_Data for this task_
+-------+

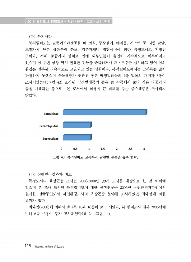 2015 특정도서 정밀조사 서산·태안·고흥·보성 권역 118 ? National Institute of Ecology 다 특기사항 북격렬비도는 멸종위기야생동물 매 번식, 주상절리, 해식동, 시스텍 등 지형 발달, 보전가치 높은 상록수림 분포, 검은따개비 집단서식에 의한 특정도서로 지정된 곳이다. 서해 종합기지 설치로 인해 외부인들이 출입이 지속적으로 이루어지고 있으며 섬 주변 상황 역시 필요한 건물을 증축하거나 개·보수를 실시하고 있어 섬의 환경은 일부분 지속적으로 교란되고 있는 상황이다. 북격렬비도에서는 고사목을 많이 관찰하지 못했으며 수목해충과 연관된 종은 딱정벌레목의 2종 벌목의 개미과 3종이 조사되었는데 그림 43 조사된 딱정벌레목의 종은 큰 수목에서 보다 작은 나뭇가지 등을 가해하는 종으로 본 도서...
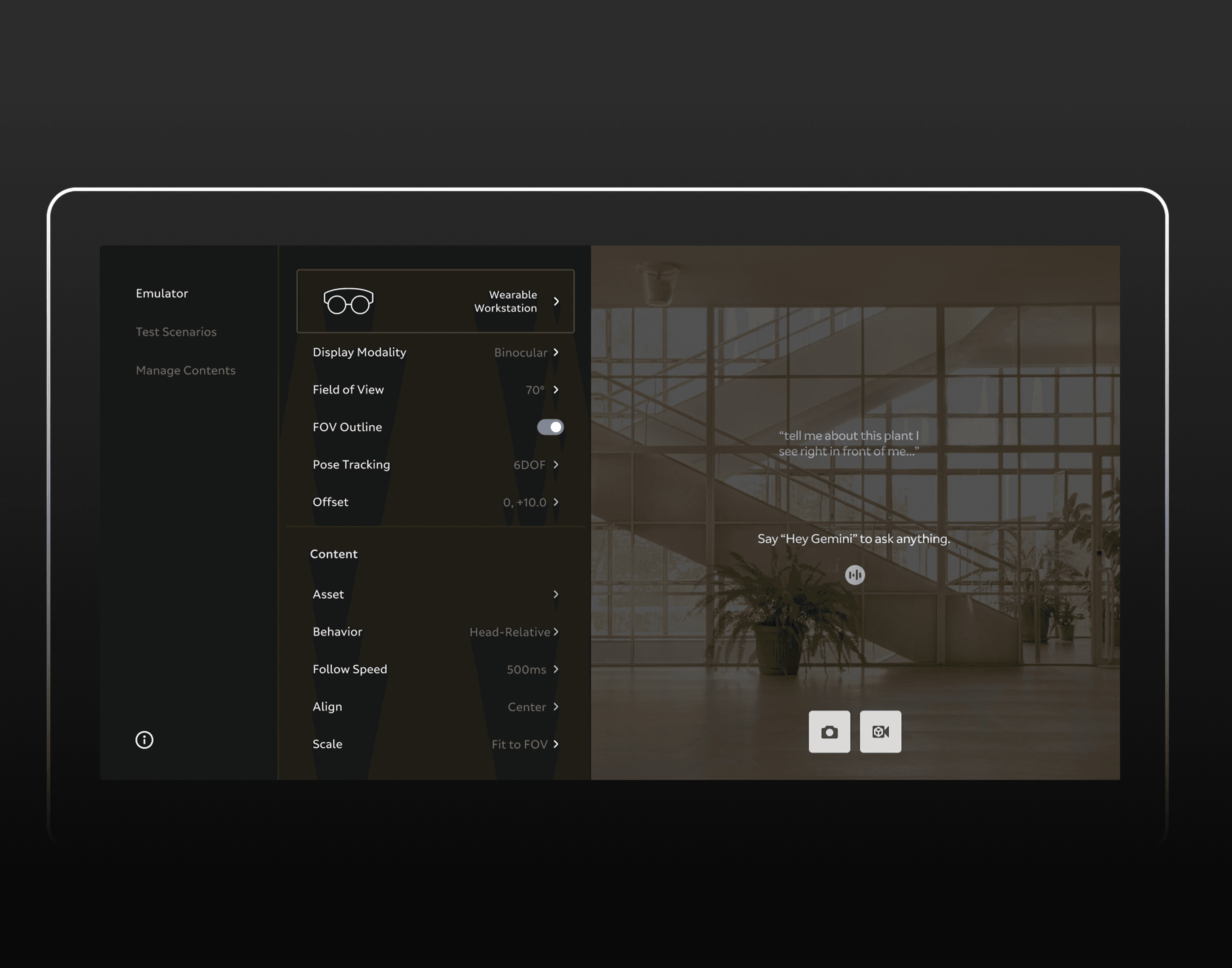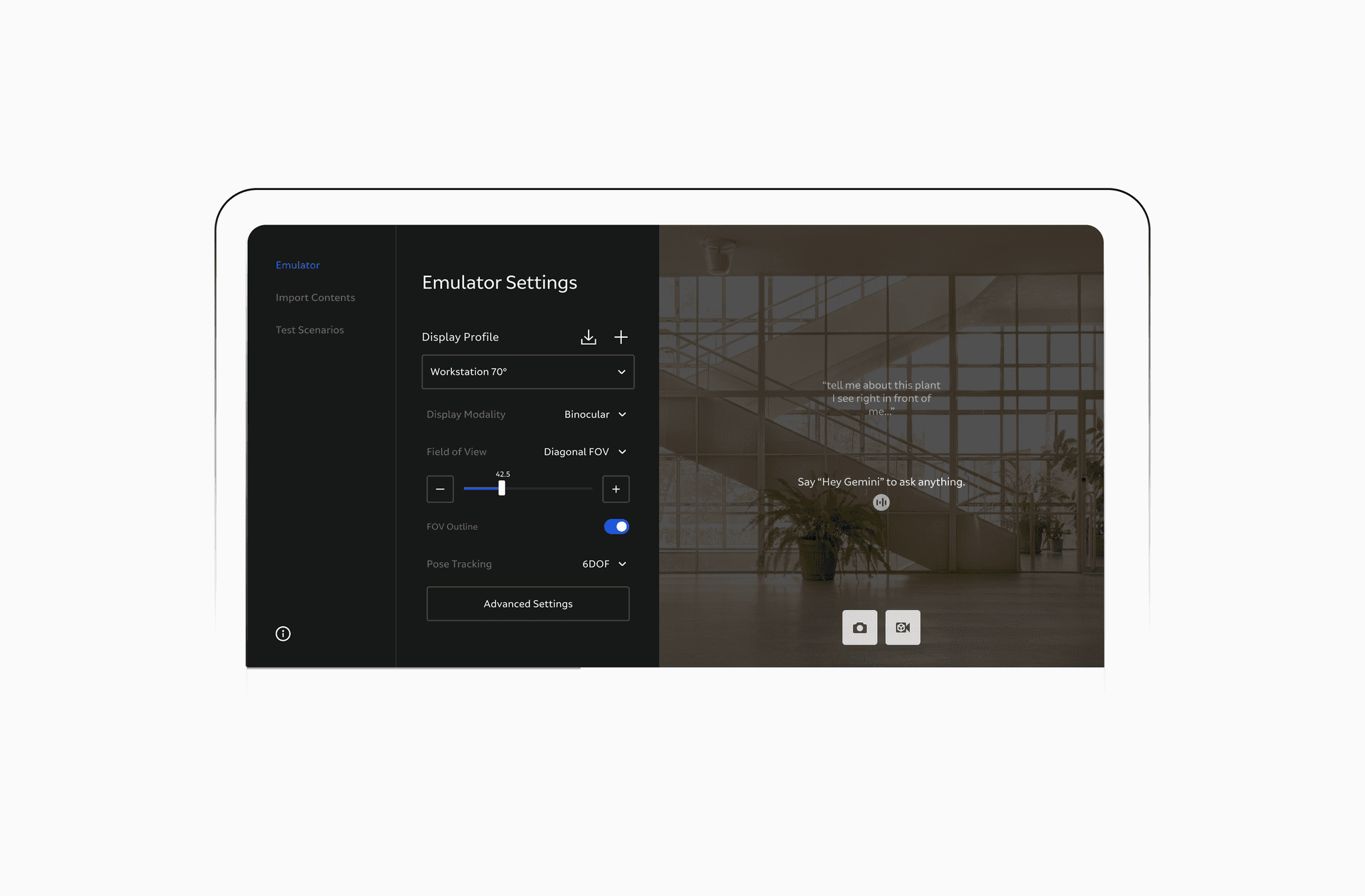 As part of Magic Leap’s expanded partnership with Google🔗, I led the product design for developer-facing AR tools and emulation workflows that enable reliable prototyping for next-generation AR glasses.
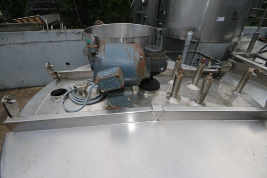 Aprox. 200 Gal. Hinged Lid S/S Jacketed Mix Tank, with Top Mounted Drive Motor with Bottom Sweep Agitation with Aprox. 1/2 hp Drive Motor, with (2) 1.5" Top Threaded Top Connections, Side 2" Clamp Type Connection with Butterfly Valve, Tank Mounted on Wheels, Overall Dims.: Aprox. 52" W x 65" H(INV#78674)(Located @ the MDG Auction Showroom in Pittsburgh, PA)(Rigging, Loading & Site Management Fee: $300.00 USD)
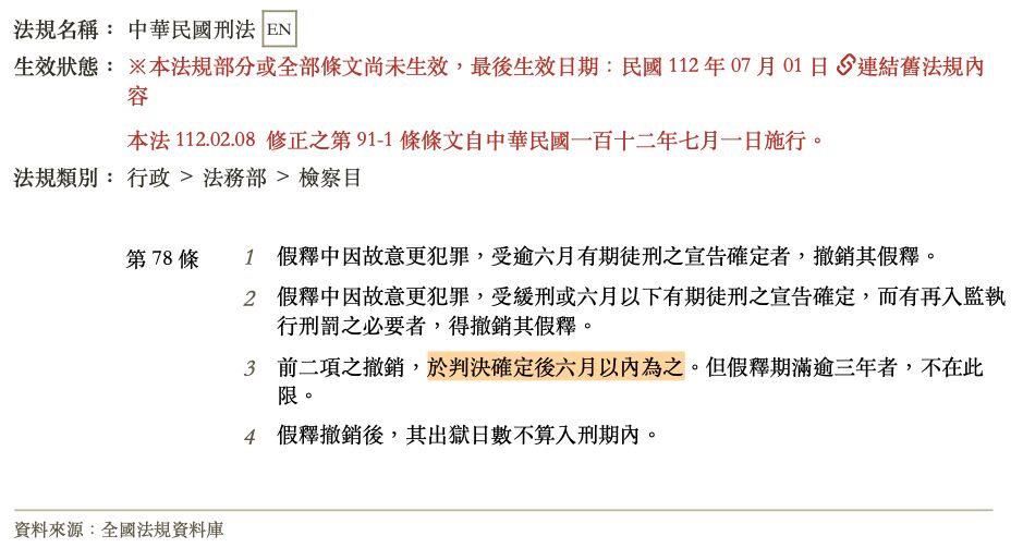 假釋中因故意犯罪而受六個月有期徒刑以上宣告喔。
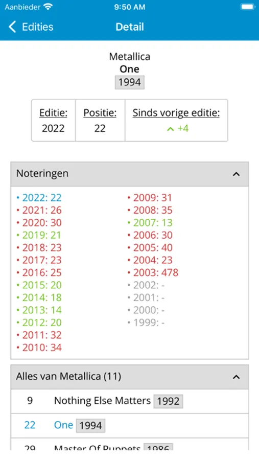 Deze app is onofficieel en heeft geen enkele relatie met de Nederlandse Publieke Omroep (NPO), NPO Radio 2 of de Top2000. De data die in deze app word gebruikt is data die openbaar beschikbaar is gesteld door Radio 2 en toegankelijk voor iedereen via de daarvoor bestemde Top2000 website. Het enige wat wij hebben gedaan is er een app van gemaakt. We verzamelen geen gegevens voor deze app en verdienen er op geen enkele manier geld mee. Verder zijn we op geen enkele manier betrokken bij het evenement en kunnen dus ook niet aansprakelijk worden gehouden.
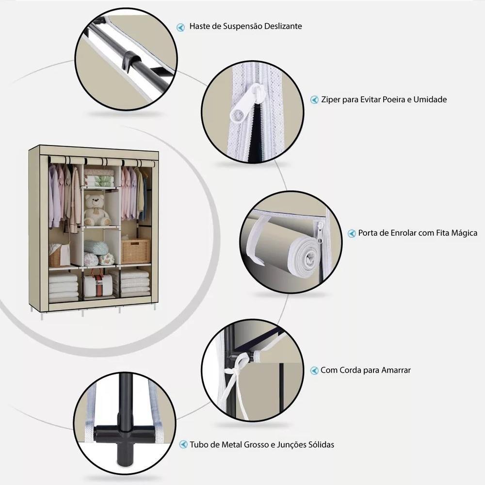 Guarda Roupa Cabideiro Portatil Prateleiras Dobravel Armario Arara Grande Organizador Camping
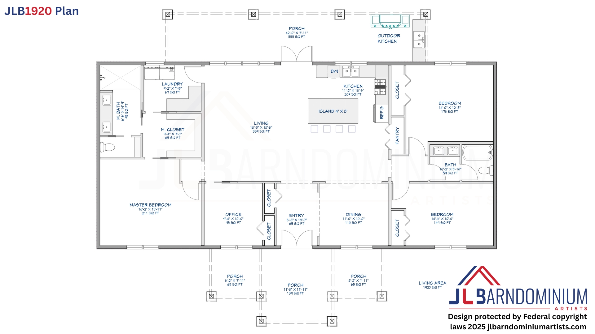 Heated Living Area: 1,920 sq. ft. (64’ W x 30’ L)
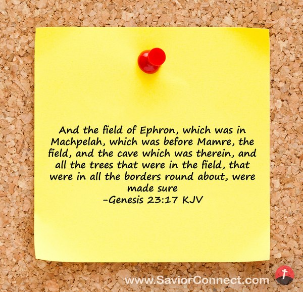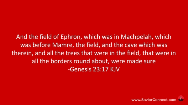And the field of Ephron, which was in Machpelah, which was before Mamre, the field, and the cave which was therein, and all the trees that were in the field, that were in all the borders round about, were made sure -Genesis 23:17 KJV
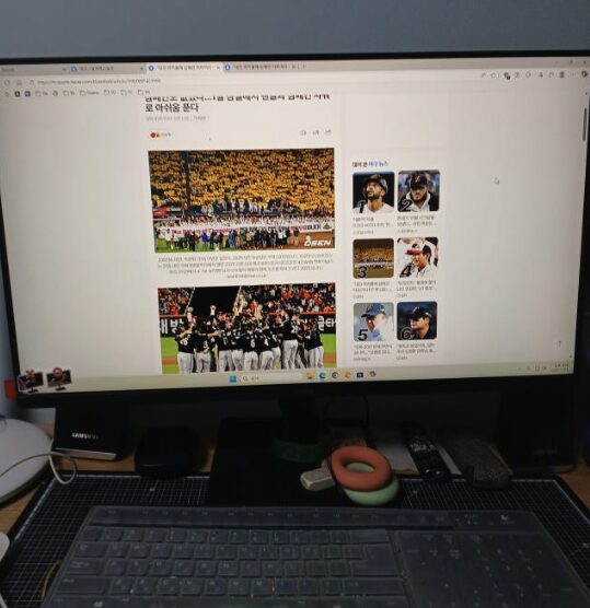 덕분에 혼자 작업할 때뿐만 아니라 옆 사람과 화면을 같이 보며 회의를 하거나 유튜브 영상을 시청할 때도 왜곡 없는 화질을 즐길 수 있어서 아주 만족스러웠습니다. 27인치라는 크기가 책상 위에 두었을 때 한눈에 쏙 들어오면서도 작업 공간이 좁지 않아서 딱 적당한 느낌이 들었어요.
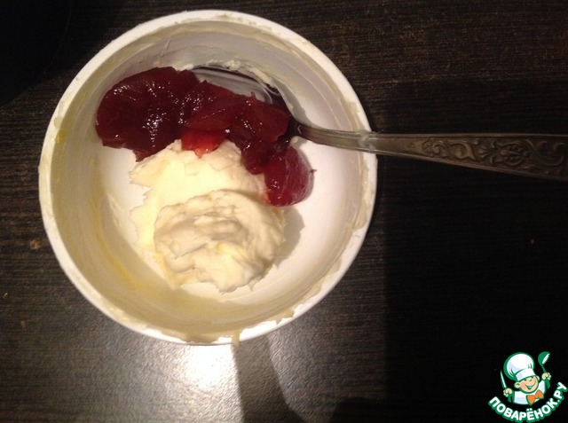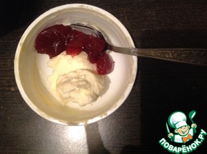 • Вторую часть смешала с клюквенным повидлом (1:1).
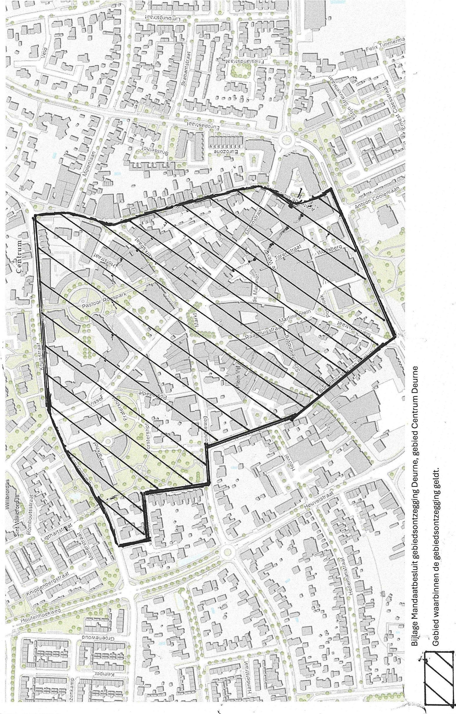 Dit verbod geldt voor de wegen in dit gebied en voor de in dit gebied gelegen, voor het publiek toegankelijke plaatsen en gebouwen. Ik verwacht dat u zich aan dit besluit zult houden. Daarmee voorkomt u dat de politie proces verbaal op zal maken wegens overtreding van deze gebiedsontzegging (op basis van overtreding van de Algemene Plaatselijke Verordening Deurne 2018).
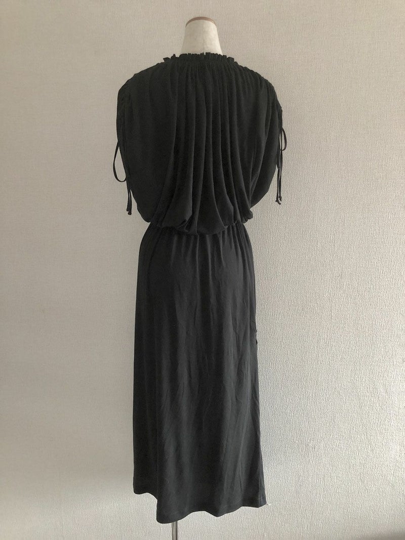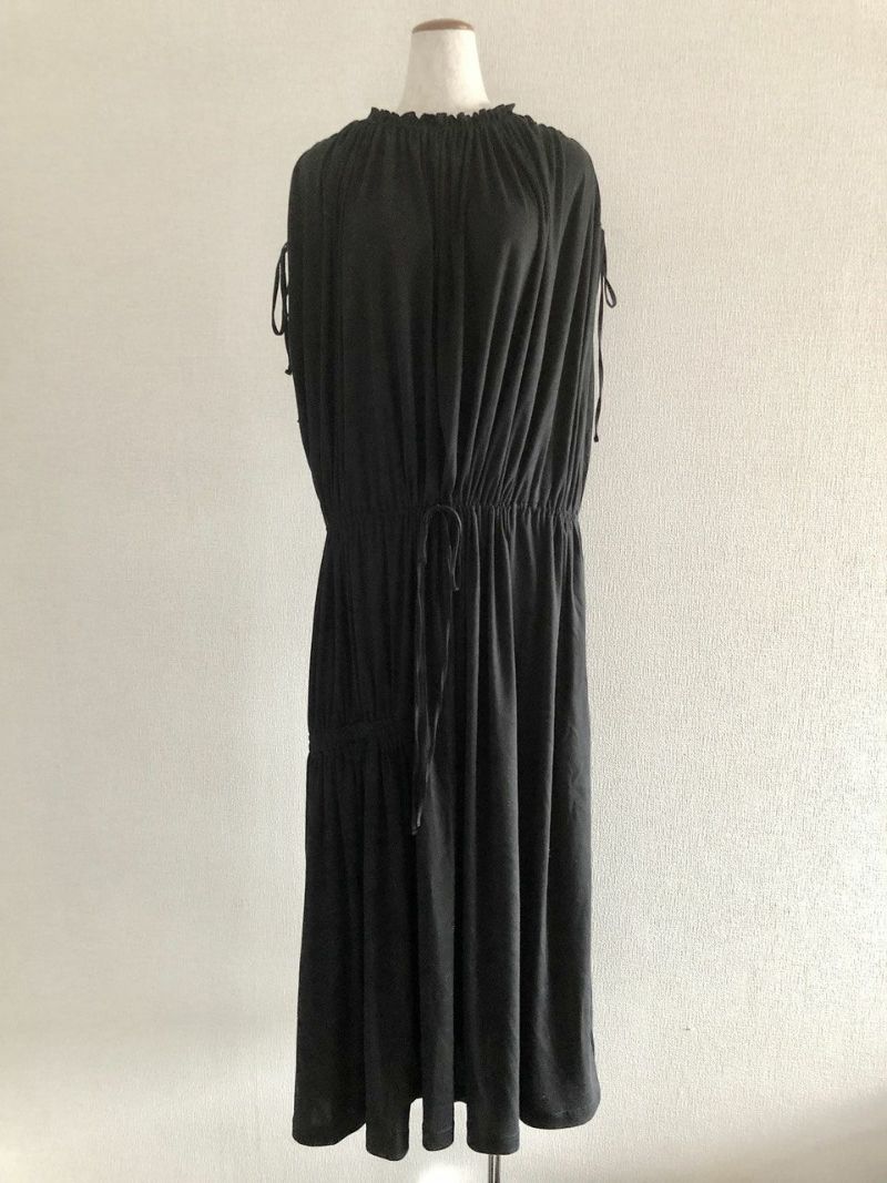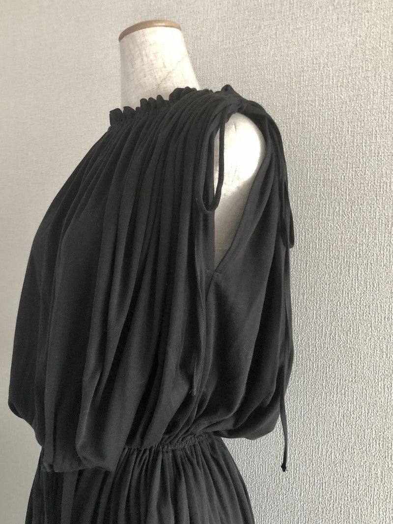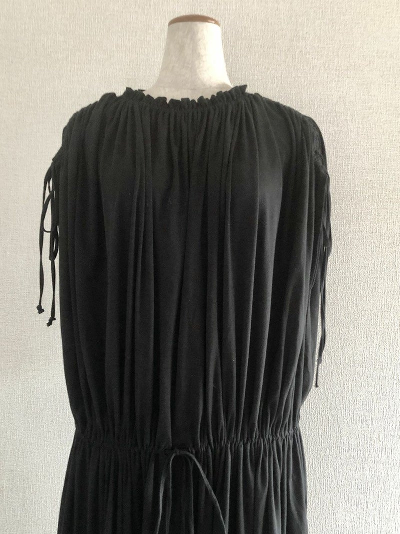 素材/コットン100% 色/ブラック 仕様/袖とウエストに共ひも、スカート部分にポケット2つ
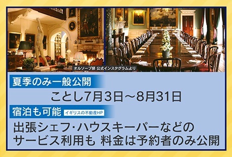 実は、このオルソープ邸は、夏季のみ一般公開されていて、2025年は、7月3日~8月31日まで公開されています。さらに宿泊も可能ということで、出張シェフ、ハウスキーパーなどのサービスを利用することもできます。しかし、料金は予約者のみに公開されるということです。
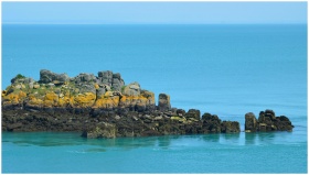 Beautiful rocky outcrop in the turquoise waters off Cancale, Bretagne, France.
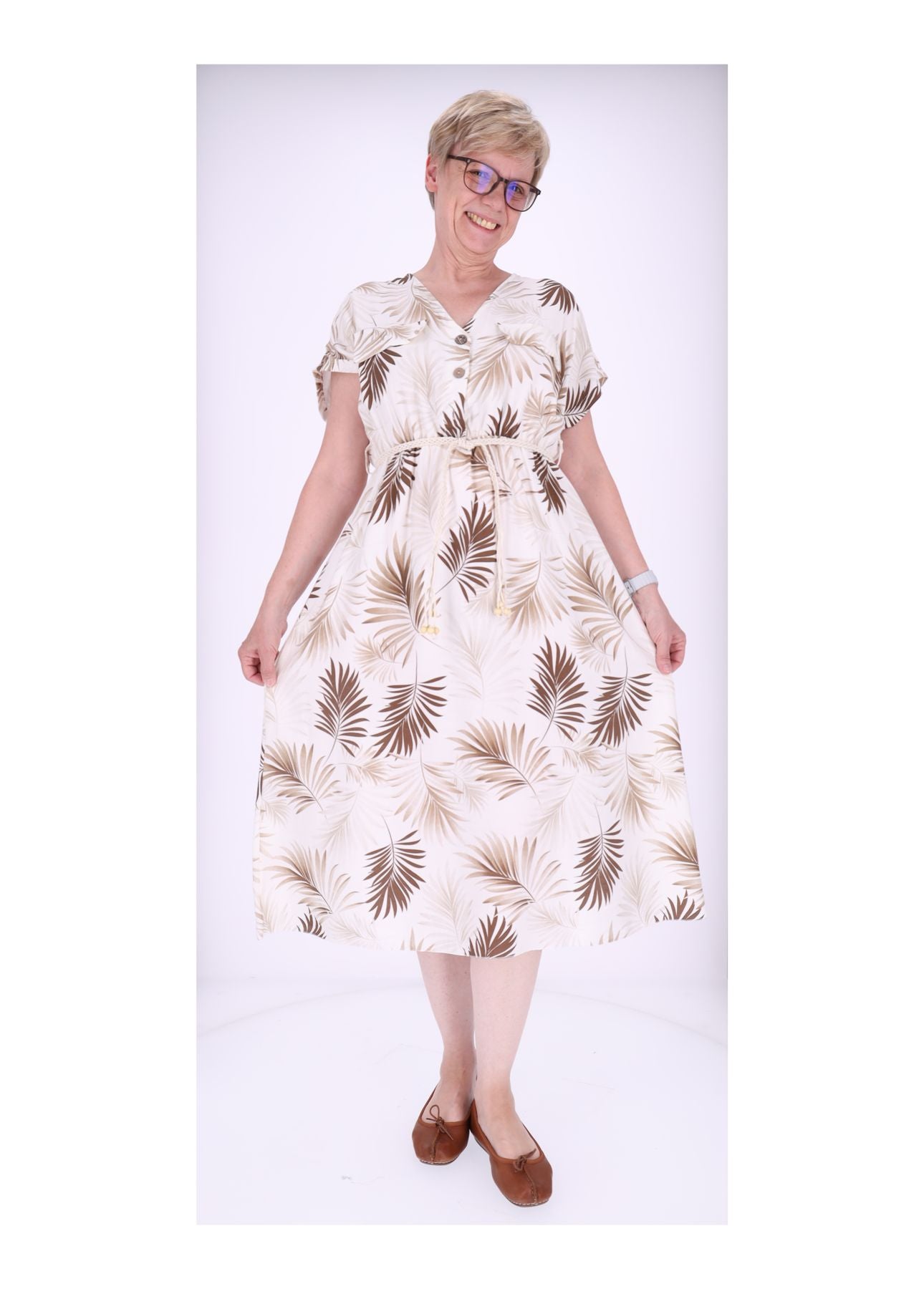 Damenkleid mit Palmenwedel-Print

+-------+

_Assignment_
Here the lines from the one containing "素材/コットン100% 色/ブラック 仕様/袖とウエストに共ひも、スカート部分にポケット2つ" through the end of the material are to be copied exactly, with the pictures omitted.

_Answer below_
 素材/コットン100% 色/ブラック 仕様/袖とウエストに共ひも、スカート部分にポケット2つ
 実は、このオルソープ邸は、夏季のみ一般公開されていて、2025年は、7月3日~8月31日まで公開されています。さらに宿泊も可能ということで、出張シェフ、ハウスキーパーなどのサービスを利用することもできます。しかし、料金は予約者のみに公開されるということです。
 Beautiful rocky outcrop in the turquoise waters off Cancale, Bretagne, France.
 Damenkleid mit Palmenwedel-Print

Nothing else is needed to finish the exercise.